■ What you will do ■
Once you reach the line with "Add a touch" below, copy each line exactly, stopping after the line with "Kynuté skořicové šneky", and skip any pictures.

■ Entries provided ■
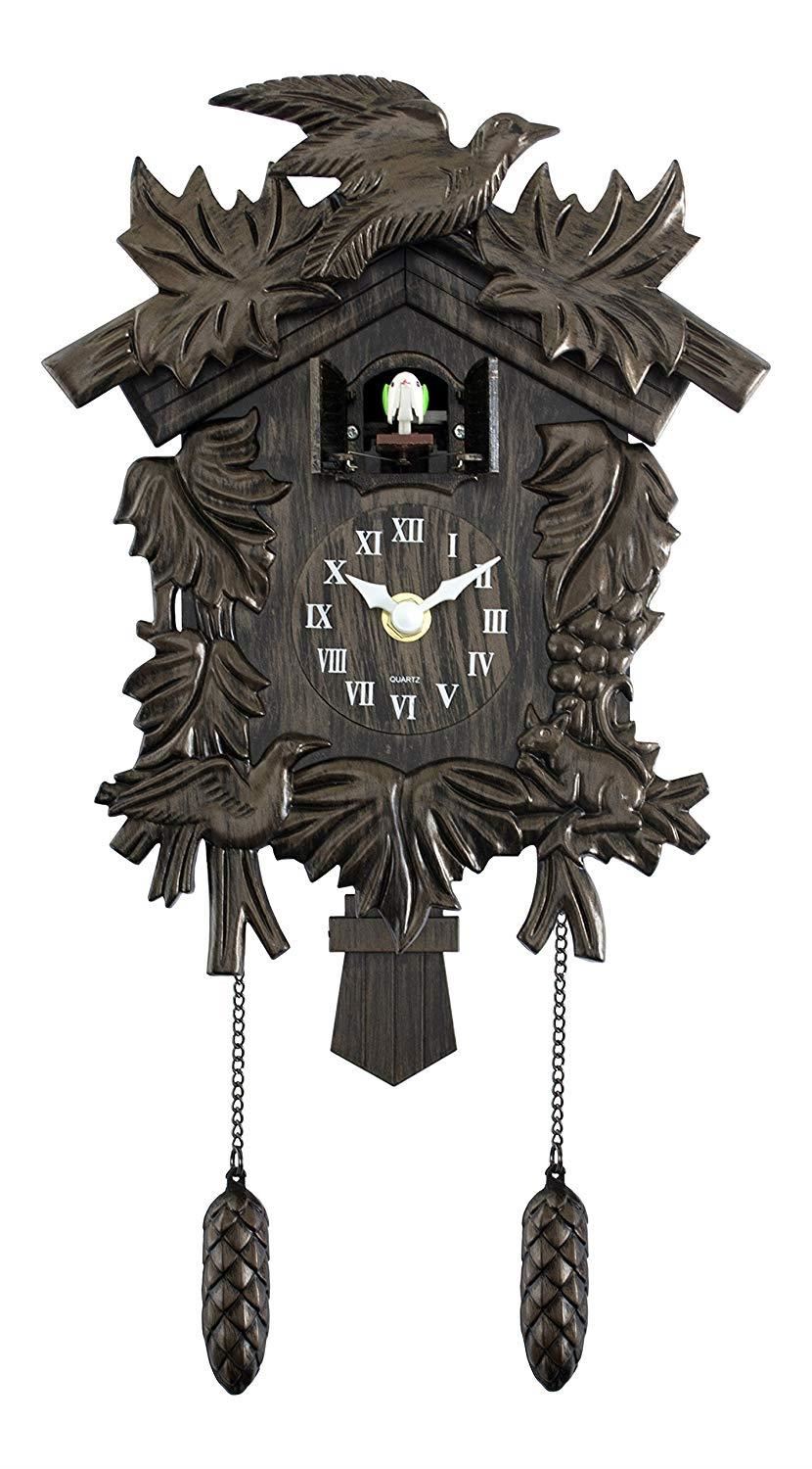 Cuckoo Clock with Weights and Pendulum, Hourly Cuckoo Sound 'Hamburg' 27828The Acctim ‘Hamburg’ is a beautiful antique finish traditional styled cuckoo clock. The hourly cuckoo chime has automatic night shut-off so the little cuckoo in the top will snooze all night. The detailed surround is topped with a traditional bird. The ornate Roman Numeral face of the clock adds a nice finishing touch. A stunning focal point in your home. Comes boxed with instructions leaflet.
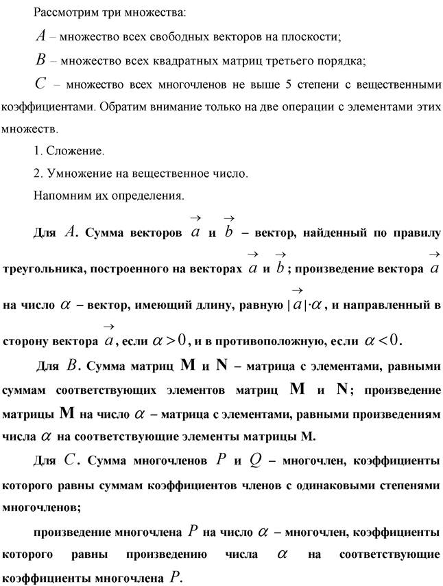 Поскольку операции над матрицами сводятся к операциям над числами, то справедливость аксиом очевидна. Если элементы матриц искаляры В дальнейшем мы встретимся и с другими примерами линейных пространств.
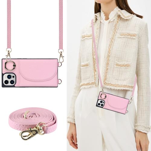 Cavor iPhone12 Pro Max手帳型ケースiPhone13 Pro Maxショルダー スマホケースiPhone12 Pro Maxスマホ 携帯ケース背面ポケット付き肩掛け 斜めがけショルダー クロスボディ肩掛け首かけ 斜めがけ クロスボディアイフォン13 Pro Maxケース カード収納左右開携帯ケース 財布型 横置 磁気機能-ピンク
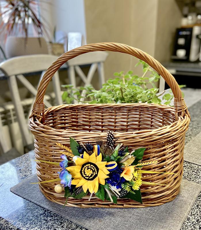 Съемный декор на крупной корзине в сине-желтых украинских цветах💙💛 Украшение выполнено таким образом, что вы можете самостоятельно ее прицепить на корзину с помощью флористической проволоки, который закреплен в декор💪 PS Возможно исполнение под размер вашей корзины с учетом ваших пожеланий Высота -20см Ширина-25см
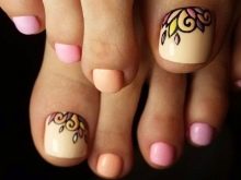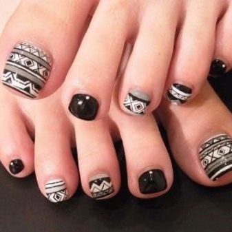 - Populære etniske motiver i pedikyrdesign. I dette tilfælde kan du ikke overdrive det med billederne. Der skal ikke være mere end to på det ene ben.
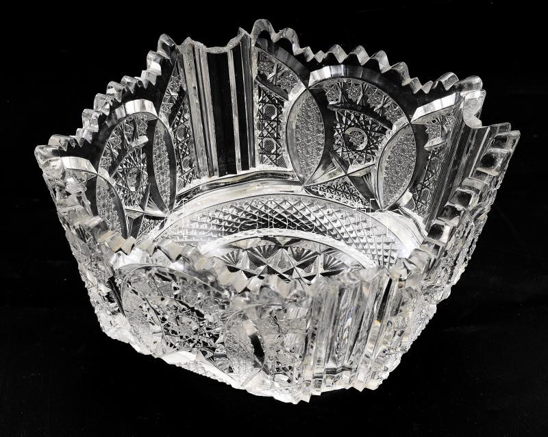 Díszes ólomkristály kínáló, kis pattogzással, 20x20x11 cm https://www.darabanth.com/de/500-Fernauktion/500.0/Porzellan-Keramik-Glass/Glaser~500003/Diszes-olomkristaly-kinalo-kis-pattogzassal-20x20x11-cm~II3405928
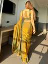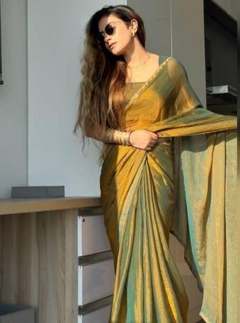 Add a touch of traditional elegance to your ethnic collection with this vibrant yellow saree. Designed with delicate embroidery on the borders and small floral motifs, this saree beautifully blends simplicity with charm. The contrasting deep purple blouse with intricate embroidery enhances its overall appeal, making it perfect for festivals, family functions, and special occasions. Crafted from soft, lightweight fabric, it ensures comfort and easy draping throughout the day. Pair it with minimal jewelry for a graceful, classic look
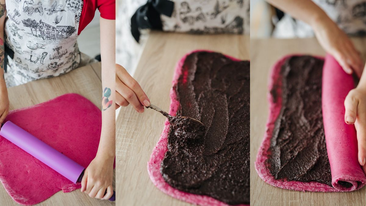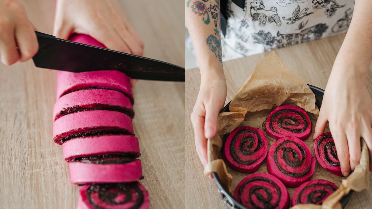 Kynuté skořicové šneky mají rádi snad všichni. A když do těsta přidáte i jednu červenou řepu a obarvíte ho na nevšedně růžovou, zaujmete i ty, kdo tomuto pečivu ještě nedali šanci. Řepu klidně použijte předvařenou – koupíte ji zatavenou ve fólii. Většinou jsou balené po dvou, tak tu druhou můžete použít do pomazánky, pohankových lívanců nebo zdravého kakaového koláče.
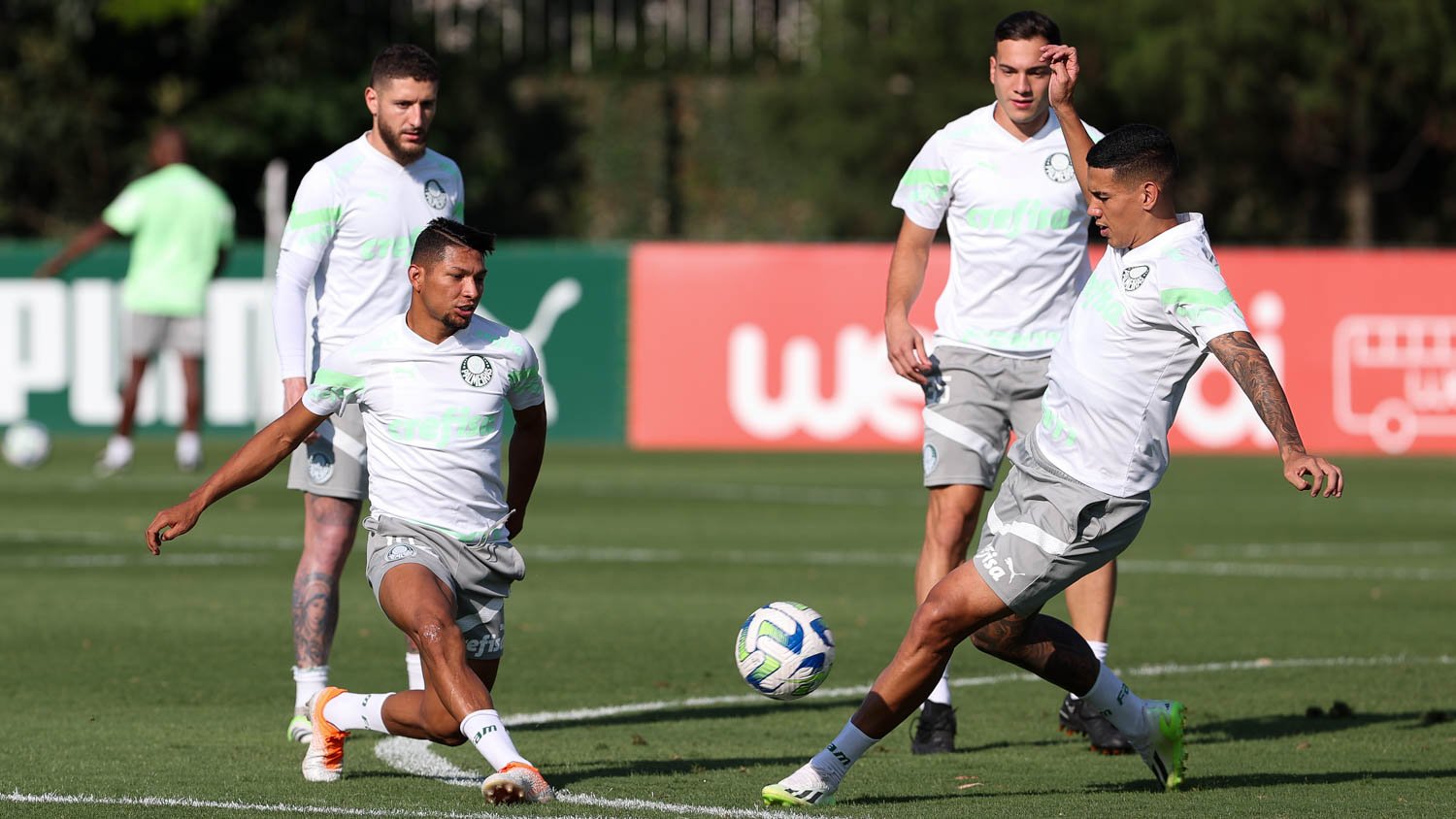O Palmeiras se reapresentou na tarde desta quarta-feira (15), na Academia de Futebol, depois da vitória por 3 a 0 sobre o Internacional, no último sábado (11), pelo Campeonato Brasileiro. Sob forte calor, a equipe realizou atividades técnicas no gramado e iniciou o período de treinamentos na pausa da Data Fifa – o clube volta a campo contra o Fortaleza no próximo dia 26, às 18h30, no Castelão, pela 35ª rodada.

■ Solution below ■
 Add a touch of traditional elegance to your ethnic collection with this vibrant yellow saree. Designed with delicate embroidery on the borders and small floral motifs, this saree beautifully blends simplicity with charm. The contrasting deep purple blouse with intricate embroidery enhances its overall appeal, making it perfect for festivals, family functions, and special occasions. Crafted from soft, lightweight fabric, it ensures comfort and easy draping throughout the day. Pair it with minimal jewelry for a graceful, classic look
 Kynuté skořicové šneky mají rádi snad všichni. A když do těsta přidáte i jednu červenou řepu a obarvíte ho na nevšedně růžovou, zaujmete i ty, kdo tomuto pečivu ještě nedali šanci. Řepu klidně použijte předvařenou – koupíte ji zatavenou ve fólii. Většinou jsou balené po dvou, tak tu druhou můžete použít do pomazánky, pohankových lívanců nebo zdravého kakaového koláče.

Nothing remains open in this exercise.